By Dana Lamparello | April 23, 2015
As a self-professed architecture nerd and, relatedly, the archivist responsible for managing CHM’s architectural research collections, I found the site specificity and mapping aspects of the GeoConvo project really appealing. Surely, when asked to map physical spaces that have been personally meaningful, it would be obvious just how much the built environment has impacted both my life and learning. I mean, I grew up on a street in New Jersey where you could see the very top of the Empire State Building; my first apartment was in an eighteenth-century Federal Style row home in Philadelphia; one of my early publishing jobs was in the historic Curtis Center building, where Cyrus Curtis once published Ladies Home Journal–being acutely aware of history, place, and built form undoubtedly shaped my research interests and choice of profession.
But when asked to map four sites that directly impacted my career path, I surprised myself. My first site was what you’d expect: the Rosenbach Museum & Library in Philadelphia. With its collections and exhibits housed in a nineteenth-century townhome on the quaint Delancey Place, the Rosenbach was the first library/archives/museum hybrid institution I had ever experienced. After visiting multiple times between 2002 and 2005, I knew I wanted to work for a similar kind of institution. My second choice of site was where things got interesting. I chose the University of Texas at Austin, where I completed my graduate education in information science between 2005 and 2007. When Joseph asked if there was a specific space on campus or in Austin that related to my story, I couldn’t think of any place in particular. And when I was asked why this site was important to me, I found myself mentioning the incredible people I had met and the strong connections I had made within the archives and library field. I even said, “I guess I could have been anywhere as long as I had met those people!” My third choice was the Art Institute of Chicago’s Ryerson & Burnham Archives, the site of my first archives job in 2008. Instead of citing the building and/or the architectural collections as being most impactful on my career path, I again mentioned the people and the connections I had made there. It wasn’t until Joseph said to me, “This is great; your connection to physical space is all about your personal connections to people,” did it even dawn on me. The fourth site was hard for me to choose, so I went backwards in time and mapped a 2003 vacation to Chicago and rural Michigan, my first time in the Midwest. Without thinking I explained how I immediately loved the city and could see myself living here mostly because I was pleasantly surprised to find how friendly Chicagoans were. People. There they were again factoring into my choice of place!

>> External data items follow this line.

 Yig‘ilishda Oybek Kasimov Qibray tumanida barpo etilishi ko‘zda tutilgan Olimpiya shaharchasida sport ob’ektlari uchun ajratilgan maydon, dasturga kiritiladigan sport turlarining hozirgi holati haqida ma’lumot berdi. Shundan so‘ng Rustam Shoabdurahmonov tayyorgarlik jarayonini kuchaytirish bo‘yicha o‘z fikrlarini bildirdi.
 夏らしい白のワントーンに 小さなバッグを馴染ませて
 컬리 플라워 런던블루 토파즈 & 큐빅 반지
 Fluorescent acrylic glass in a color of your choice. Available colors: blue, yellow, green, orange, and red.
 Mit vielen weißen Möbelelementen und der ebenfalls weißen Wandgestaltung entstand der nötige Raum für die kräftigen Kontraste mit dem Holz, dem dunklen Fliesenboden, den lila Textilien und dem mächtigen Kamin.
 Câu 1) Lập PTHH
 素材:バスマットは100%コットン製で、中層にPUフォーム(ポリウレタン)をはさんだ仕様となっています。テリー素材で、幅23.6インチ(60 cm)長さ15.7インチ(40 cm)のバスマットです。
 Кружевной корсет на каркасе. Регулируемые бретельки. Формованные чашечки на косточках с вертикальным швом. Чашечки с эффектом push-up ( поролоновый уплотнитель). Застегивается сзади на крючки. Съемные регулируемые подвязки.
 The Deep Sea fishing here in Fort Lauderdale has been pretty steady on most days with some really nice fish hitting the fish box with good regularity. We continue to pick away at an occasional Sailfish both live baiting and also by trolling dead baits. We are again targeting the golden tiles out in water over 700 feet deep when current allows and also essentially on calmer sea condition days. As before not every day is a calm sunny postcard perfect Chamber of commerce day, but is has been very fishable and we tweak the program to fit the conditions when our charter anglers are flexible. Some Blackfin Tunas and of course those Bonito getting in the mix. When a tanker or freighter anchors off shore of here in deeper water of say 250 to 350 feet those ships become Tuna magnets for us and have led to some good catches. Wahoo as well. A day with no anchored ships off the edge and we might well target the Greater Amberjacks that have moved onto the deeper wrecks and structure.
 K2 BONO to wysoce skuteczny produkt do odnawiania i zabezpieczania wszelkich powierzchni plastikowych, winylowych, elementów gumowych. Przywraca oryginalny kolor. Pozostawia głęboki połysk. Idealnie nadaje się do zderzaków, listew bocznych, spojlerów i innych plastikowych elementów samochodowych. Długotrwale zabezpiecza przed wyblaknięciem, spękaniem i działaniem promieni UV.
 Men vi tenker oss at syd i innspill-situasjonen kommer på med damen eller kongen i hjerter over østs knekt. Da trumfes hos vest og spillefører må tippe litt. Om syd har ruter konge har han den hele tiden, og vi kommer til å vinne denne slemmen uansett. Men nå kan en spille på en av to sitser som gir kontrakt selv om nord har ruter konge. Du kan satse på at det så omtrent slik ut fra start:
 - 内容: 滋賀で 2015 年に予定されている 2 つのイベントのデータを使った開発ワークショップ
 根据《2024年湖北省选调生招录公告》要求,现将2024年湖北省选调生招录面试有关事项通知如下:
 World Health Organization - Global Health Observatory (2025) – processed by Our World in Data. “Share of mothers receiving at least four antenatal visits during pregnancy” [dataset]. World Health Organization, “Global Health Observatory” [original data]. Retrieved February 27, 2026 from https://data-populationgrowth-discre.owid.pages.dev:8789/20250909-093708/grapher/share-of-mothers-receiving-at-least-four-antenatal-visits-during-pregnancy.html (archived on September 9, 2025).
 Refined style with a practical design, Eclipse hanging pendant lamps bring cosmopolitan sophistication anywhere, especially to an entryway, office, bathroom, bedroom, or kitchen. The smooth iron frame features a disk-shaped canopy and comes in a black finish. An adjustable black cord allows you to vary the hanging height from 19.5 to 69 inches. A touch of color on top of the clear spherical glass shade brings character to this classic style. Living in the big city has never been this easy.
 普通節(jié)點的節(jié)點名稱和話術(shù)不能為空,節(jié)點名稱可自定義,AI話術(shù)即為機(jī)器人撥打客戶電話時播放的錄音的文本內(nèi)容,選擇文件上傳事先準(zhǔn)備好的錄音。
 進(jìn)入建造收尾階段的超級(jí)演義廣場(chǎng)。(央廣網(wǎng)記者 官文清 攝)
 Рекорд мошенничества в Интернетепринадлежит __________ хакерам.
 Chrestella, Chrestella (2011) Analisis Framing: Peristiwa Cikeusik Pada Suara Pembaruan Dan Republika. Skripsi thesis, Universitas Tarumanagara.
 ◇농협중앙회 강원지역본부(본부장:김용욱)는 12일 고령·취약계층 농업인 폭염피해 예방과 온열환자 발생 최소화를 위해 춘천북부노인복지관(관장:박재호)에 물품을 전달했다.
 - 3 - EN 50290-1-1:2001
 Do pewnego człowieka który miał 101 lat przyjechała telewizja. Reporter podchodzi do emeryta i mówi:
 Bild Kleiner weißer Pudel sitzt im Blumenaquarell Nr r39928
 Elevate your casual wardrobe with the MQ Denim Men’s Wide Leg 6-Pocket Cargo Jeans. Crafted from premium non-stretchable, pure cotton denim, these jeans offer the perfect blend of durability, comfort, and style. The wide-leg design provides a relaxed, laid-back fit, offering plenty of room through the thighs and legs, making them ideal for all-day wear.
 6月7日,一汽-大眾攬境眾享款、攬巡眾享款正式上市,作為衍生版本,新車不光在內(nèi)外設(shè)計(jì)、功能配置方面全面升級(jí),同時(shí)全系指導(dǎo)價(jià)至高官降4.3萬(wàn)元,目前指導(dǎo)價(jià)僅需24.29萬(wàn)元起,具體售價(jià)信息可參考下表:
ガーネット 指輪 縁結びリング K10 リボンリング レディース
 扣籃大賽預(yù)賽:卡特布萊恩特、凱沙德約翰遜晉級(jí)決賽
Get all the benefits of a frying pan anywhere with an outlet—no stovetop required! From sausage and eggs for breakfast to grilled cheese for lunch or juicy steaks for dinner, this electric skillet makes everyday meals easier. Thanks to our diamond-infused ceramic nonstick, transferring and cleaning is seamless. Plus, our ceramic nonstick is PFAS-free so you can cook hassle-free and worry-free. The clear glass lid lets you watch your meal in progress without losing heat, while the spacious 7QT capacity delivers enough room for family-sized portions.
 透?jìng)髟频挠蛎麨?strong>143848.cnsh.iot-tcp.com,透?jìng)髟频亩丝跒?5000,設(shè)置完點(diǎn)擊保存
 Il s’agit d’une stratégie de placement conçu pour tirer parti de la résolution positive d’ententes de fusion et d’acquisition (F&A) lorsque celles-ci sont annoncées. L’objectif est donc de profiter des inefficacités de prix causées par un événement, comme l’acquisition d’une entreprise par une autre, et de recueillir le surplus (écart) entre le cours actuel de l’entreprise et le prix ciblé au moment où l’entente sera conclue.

Finally, in a separate exercise, I was asked to take the GeoConvo project staff to the site of my most memorable experience within the Chicago History Museum. Despite the fact that I spend my days with amazing architectural and photographic collections in spaces of the museum very few people ever get to see, I chose the upper level of our café. Why? Because it’s the place where I first connected with my supervisor and where I decided to accept my current job. While I may love learning about place and the collections that document it, this project helped me see that it’s actually the associated people who create meaningful places for me; they are what make me feel connected to a place and ultimately help me learn from it.